Data Cleaning & Preparation - Excel

INTRODUCTION.

Excel file used in this project contains information about online store employees. It contains First and Last name, department, email, home address, starting date and salary.

The task is to clear data set to be more useful and standardized. We do not need to remove any irrelevant columns and can proceed with next step, removing duplicate data.


Deduplication

Duplicated data usually was created by error and in most cases should not be there. They are unnecessary waste of space and time, moreover they are increasing chances for potential problems and costly mistakes.

I am going to analyse and remove rows which contains exact copy of employees information.


Fixing structural errors

FORMATTING AND STANDARDIZATION – all cells within column will be displayed the same way.

Depending on requested format, words can be formatted to upper or lower cases. Otherwise standard format will be applied using formula PROPER()

I am formatting 'First' and 'Last Name' columns to standardize appearance of data. Each cell in both columns will start from capitol letter.

REMOVING SPACING - removing unnecessary spaces, before and/or after the word.

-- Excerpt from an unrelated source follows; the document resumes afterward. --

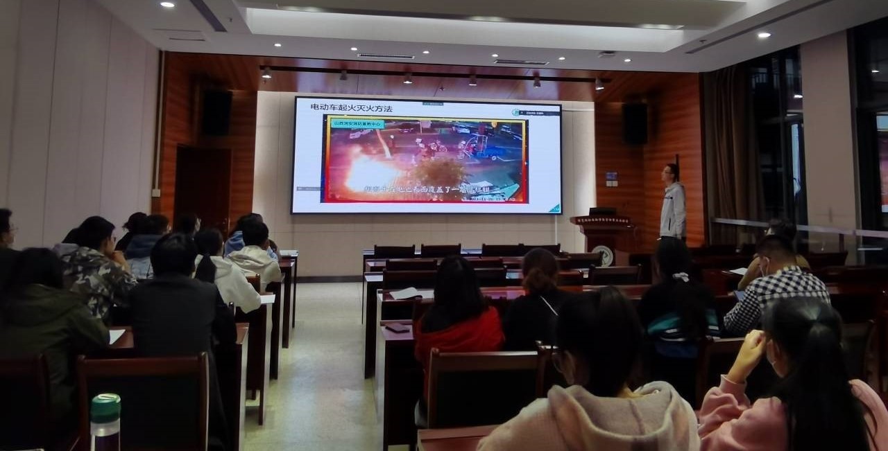 随后,王清伟播放了消防安全教育视频,他谈到,据应急管理部通报,全国一季度共发生电动自行车火灾3777起。王清伟提醒同学们,夏季来临,气温逐渐升高,因电动车充电不当、电池老化等引发火情事件时有发生,同学们务必规范使用电动车,提高防范意识。

While spacing before word its clearly visible, spotting spacing at the end of the word is not that simple. It may appear that as long as data looks ‘right’, additional spaces after the word should not matter. In general that may be okay if you are going to use, and keep data in excel. But if you want to use data in SQL or Python (especially numeric), additional spaces may cause issues. Therefore TRIMING is necessary.

DATE FORMATING

Firstly I have changed date format to ‘Short date’. This removed name of the day and month and turn it into numbers, moreover have changed year into 4 digits instead of 2. Some date was written with ‘/ ’ as separator, others with ‘.’ I replaced all dot-separators with slash.

CURRENCY - Adjusting currency in salary table.

If data will be used in any programming language it is advisory to remove currency sign as program may read cells as a strings not integers/ floats. This will require later on further conversion if we would like to perform any calculations using those fields.

For easier usage in programs I removed .00 at the end of the salary.


Filtering data out

Using FILTER option to check values entered into column.

I am looking for any unusual 'values' in each column. It may be misspelled word, very high or very low numeric value or starting date placed in the future.

Founded misspelled ‘Marketing’ and corrected it. This correction is needed in case we would like to present specific calculations based on department divisions. If I would not correct it, program would understood it as another department.

Similar to the 'Whig' department which was duplicated with additional/unwanted characters after Filtering them and removing words and signs after department’s name allowing to bring two fields together as its originally meant to be.


Dealing with missing data

After scanning data I did not find any missing data which were very important and urgently needed.